Supplied information:
=== Begin Enclosure ===
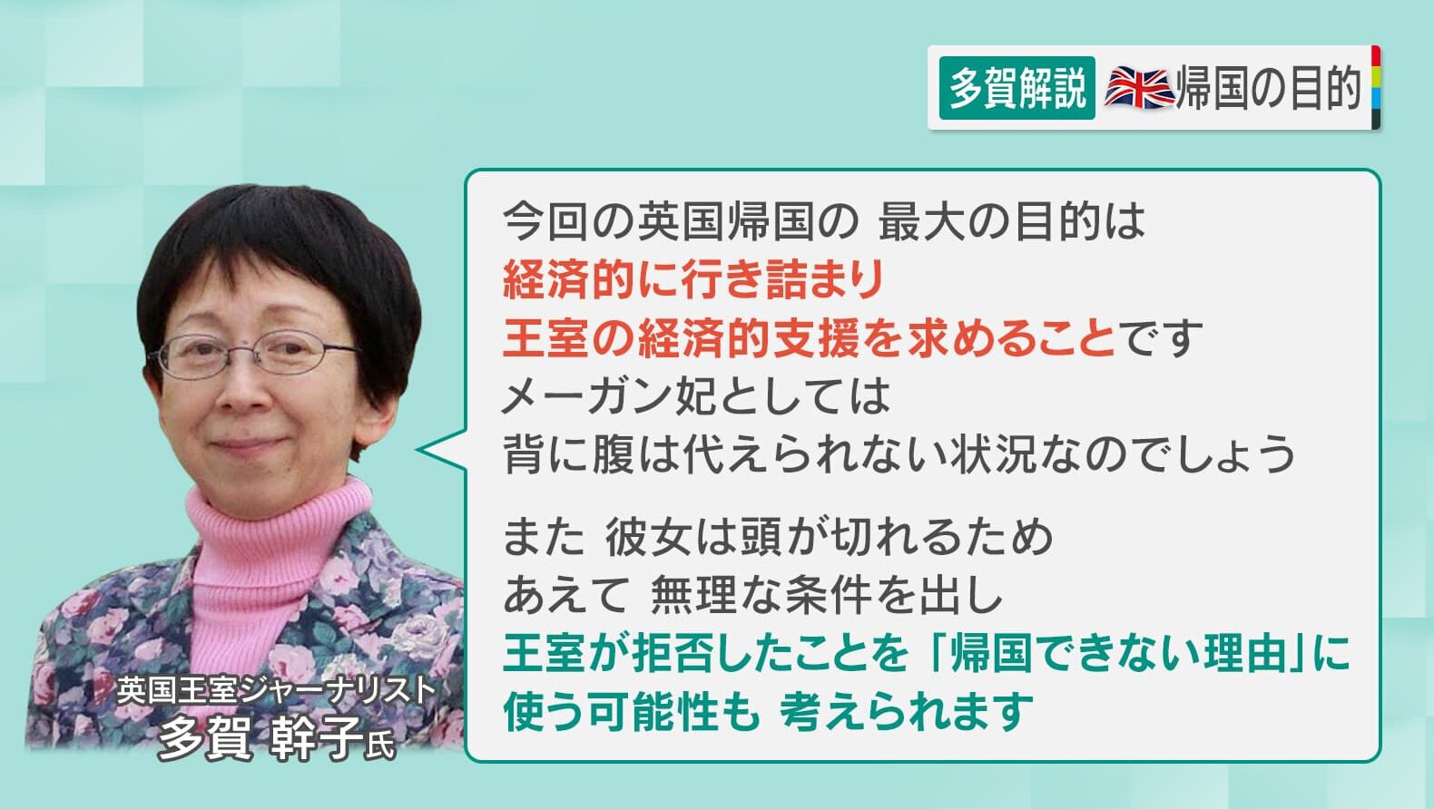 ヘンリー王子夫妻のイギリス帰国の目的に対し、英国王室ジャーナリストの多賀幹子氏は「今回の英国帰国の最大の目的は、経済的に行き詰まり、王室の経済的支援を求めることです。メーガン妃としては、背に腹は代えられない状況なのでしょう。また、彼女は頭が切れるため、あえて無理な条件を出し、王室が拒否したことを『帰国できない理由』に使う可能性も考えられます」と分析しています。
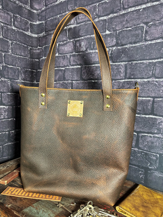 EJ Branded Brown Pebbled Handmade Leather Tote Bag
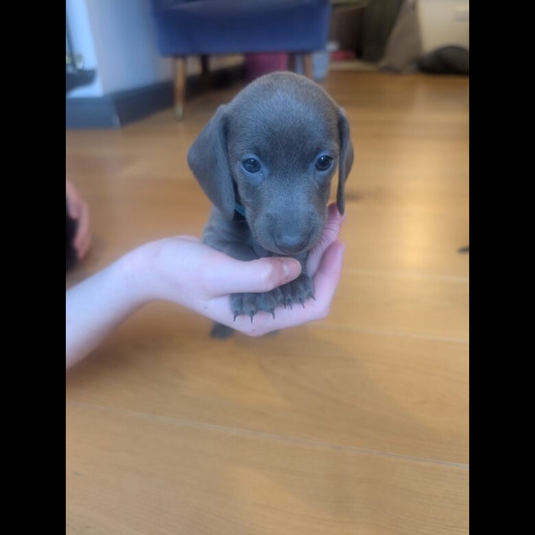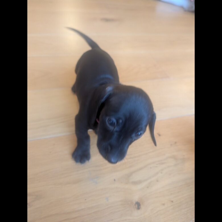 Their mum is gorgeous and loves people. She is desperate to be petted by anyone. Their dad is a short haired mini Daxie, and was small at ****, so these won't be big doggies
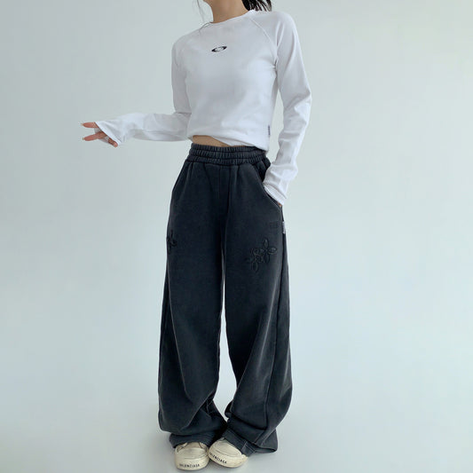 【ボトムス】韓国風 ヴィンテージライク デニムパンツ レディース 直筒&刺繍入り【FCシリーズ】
=== End Enclosure ===
The task: Write out exactly the lines beginning with the line that holds "Their mum is" and ending with the final line of the data, both ends included, without the pictures.

Answer space:
 Their mum is gorgeous and loves people. She is desperate to be petted by anyone. Their dad is a short haired mini Daxie, and was small at ****, so these won't be big doggies
 【ボトムス】韓国風 ヴィンテージライク デニムパンツ レディース 直筒&刺繍入り【FCシリーズ】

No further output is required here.